"by the way, your program is excellent, works great on all timeframes, I really like cycling through timeframes from daily down to 3 minute to find the best looking setups. Its very straight forward.I have tried useing Advanced GET and some other Elliott tools/methods but to me they are more or less useless. Your method stands alone and I belive its your "Isolation" approach that makes it work so great, not to mention the risk management methods you recommend as doing everything as factors of 1 unit of risk. Great work."
Jerod, Private Trader
Correct Position Sizing is one of the most important parts of a successful trading strategy. Strangely, it is rarely included in the vast majority of trading software systems or even mentioned by trading gurus, so this material may be new to you!

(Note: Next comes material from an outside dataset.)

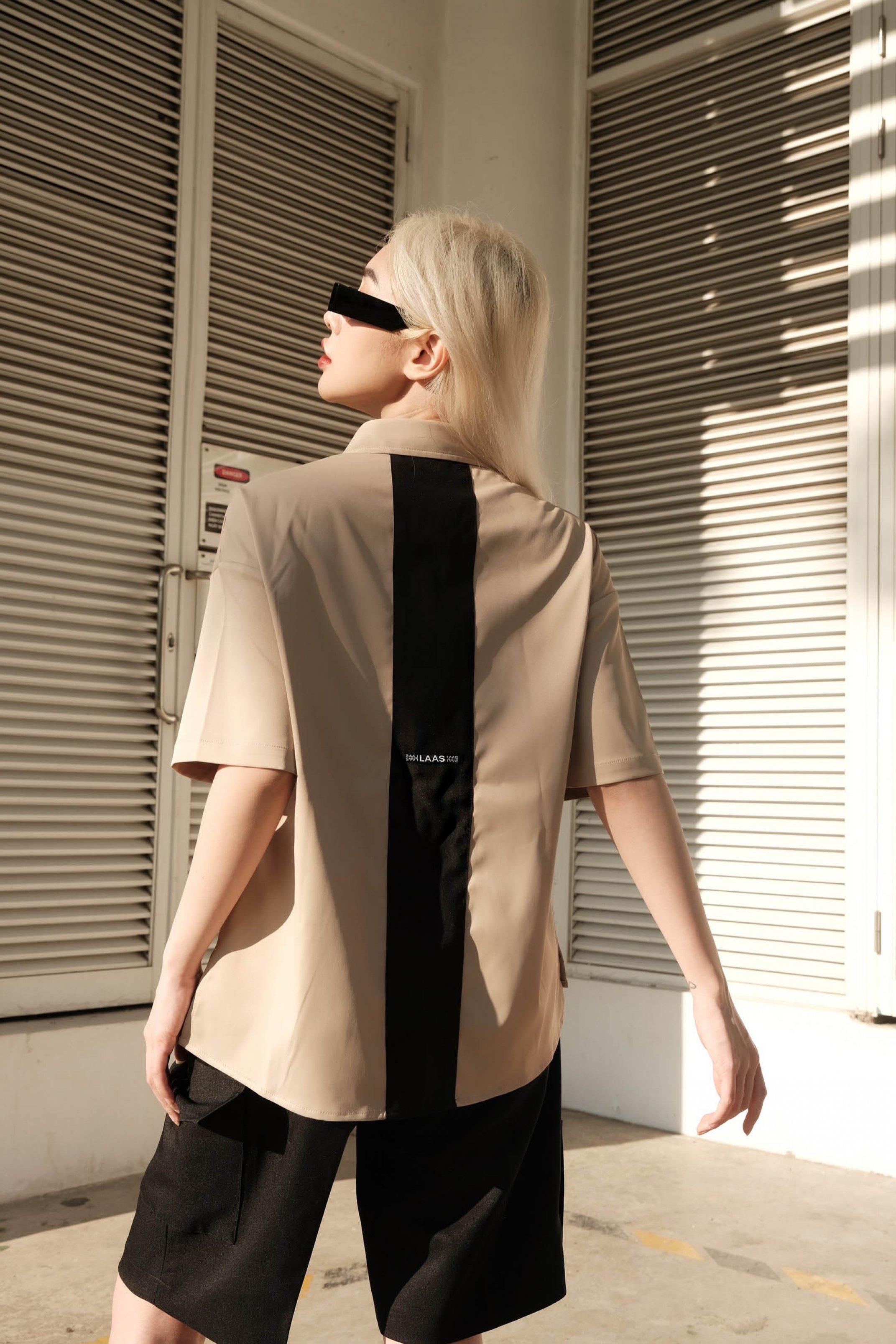 ĐIỂM PHẤN PHẦN PHỐI KẺ SỌC GIỮA TRƯỚC NẸP ÁO, VÀ GIỮA SAU THÂN ÁO PHÍA SAU PHẦN PHỐI SỌC CÓ GẮN TAG LOGO LAAS

Position Sizing uses a chosen percentage risk on each of your trades, so sizes the position to take account of the difference in the trade entry and initial protective stop levels for different trades. Different trades have different trade entries and different stop levels - sometimes the entry is close to the initial stop level, sometimes it is further away. If you always traded in a set number of lots (forex), shares (stocks) or contracts (futures), your initial risks between these different set-ups would vary. If your initial risk varies from trade to trade, it is impossible to keep your losses small and constant. The only way to achieve this is by the use of correct Position Sizing.
You will have heard of the phrase “keep your losses small and your profits large to succeed in trading”, but what this fails to address is exactly how to achieve it when you have different initial risks on different set-ups and across different markets. More importantly, this is the only way to get your profits to relate directly to your losses. This is vital if you are to achieve profits which are large in relation to your small losses.